Poster
in
Workshop: MATH-AI: The 3rd Workshop on Mathematical Reasoning and AI
Temperature-scaled large language models for Lean proofstep prediction
Fabian Gloeckle · Baptiste Roziere · Amaury Hayat · Gabriel Synnaeve
Keywords: [ theorem proving ] [ overfitting ] [ Large language models ] [ finetuning ] [ Lean ] [ interactive theorem proving ]
Leveraging the reasoning capabilities of large language models (LLMs) for theorem proving is a promising but challenging task because it requires in-domain finetunings on which LLMs are known to be prone to overfit.

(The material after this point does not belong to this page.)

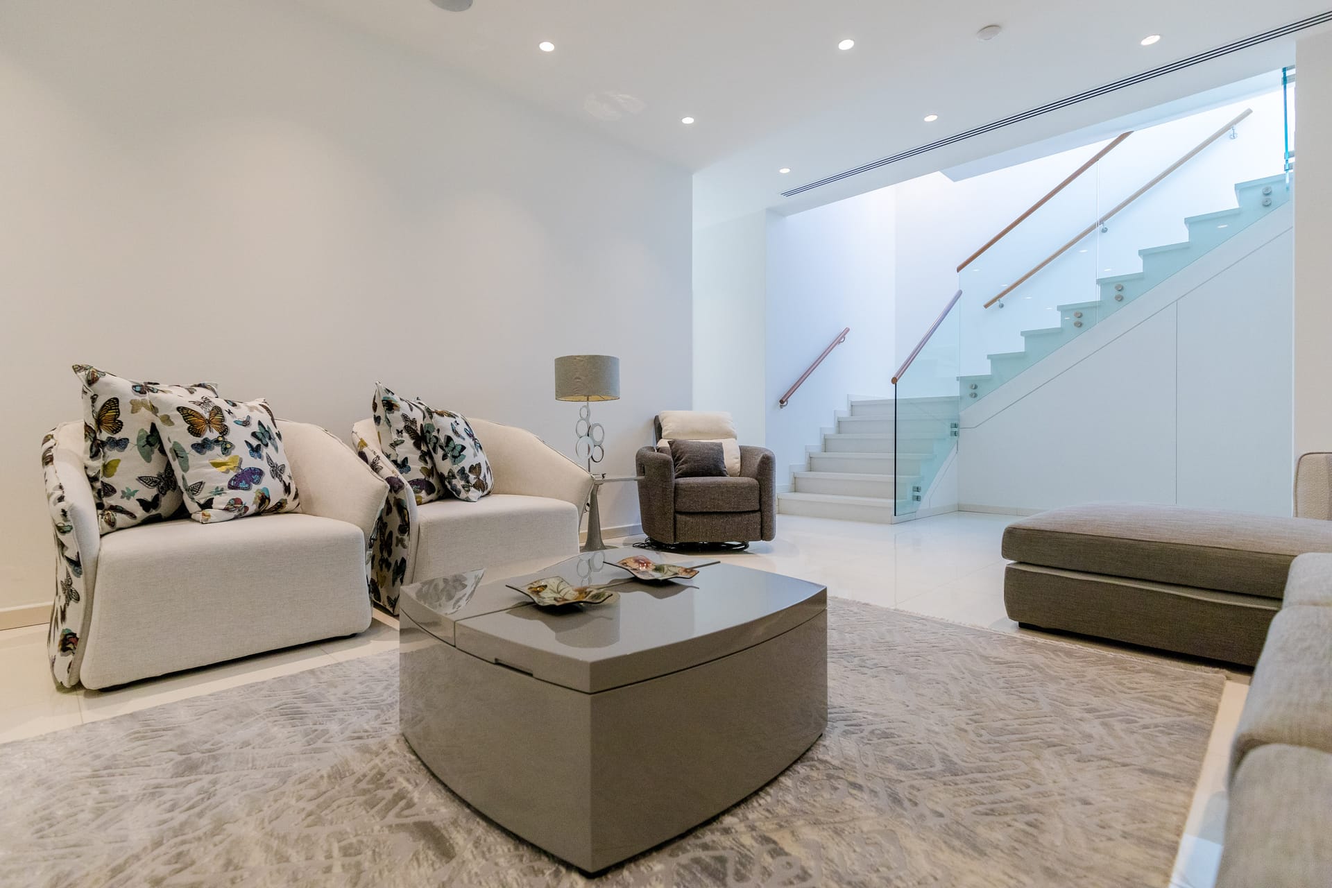 On the upper floor, each of the three double bedrooms with a stunning sea view balcony provides the privacy of a twin vanity ensuite bathroom. Two bedrooms also have a walk-in wardrobe, while the master bedroom connects to its own private sitting room.

This issue is exacerbated by two properties that set theorem proving apart from more mainstream applications of LLMs: training data in formal environments like Lean or Isabelle is very scarce and evaluation benchmarks are prohibitively costly to be used extensively for hyperparameter search and model selection. In this work, we propose temperature scaling as a regularization method for multi-epoch training on small datasets. We explain its theoretical purpose heuristically and demonstrate its effectiveness empirically, obtaining state-of-the-art supervised tactic generation models for Lean 3 of sizes 1.5B, 7B and 13B parameters. Model selection based on temperature-scaled perplexity increases scores on theorem proving benchmarks by up to four percentage points. We provide detailed ablations and analyses of the proof search behaviors of the resulting models, allowing practitioners to pick optimal model sizes for their respective use cases.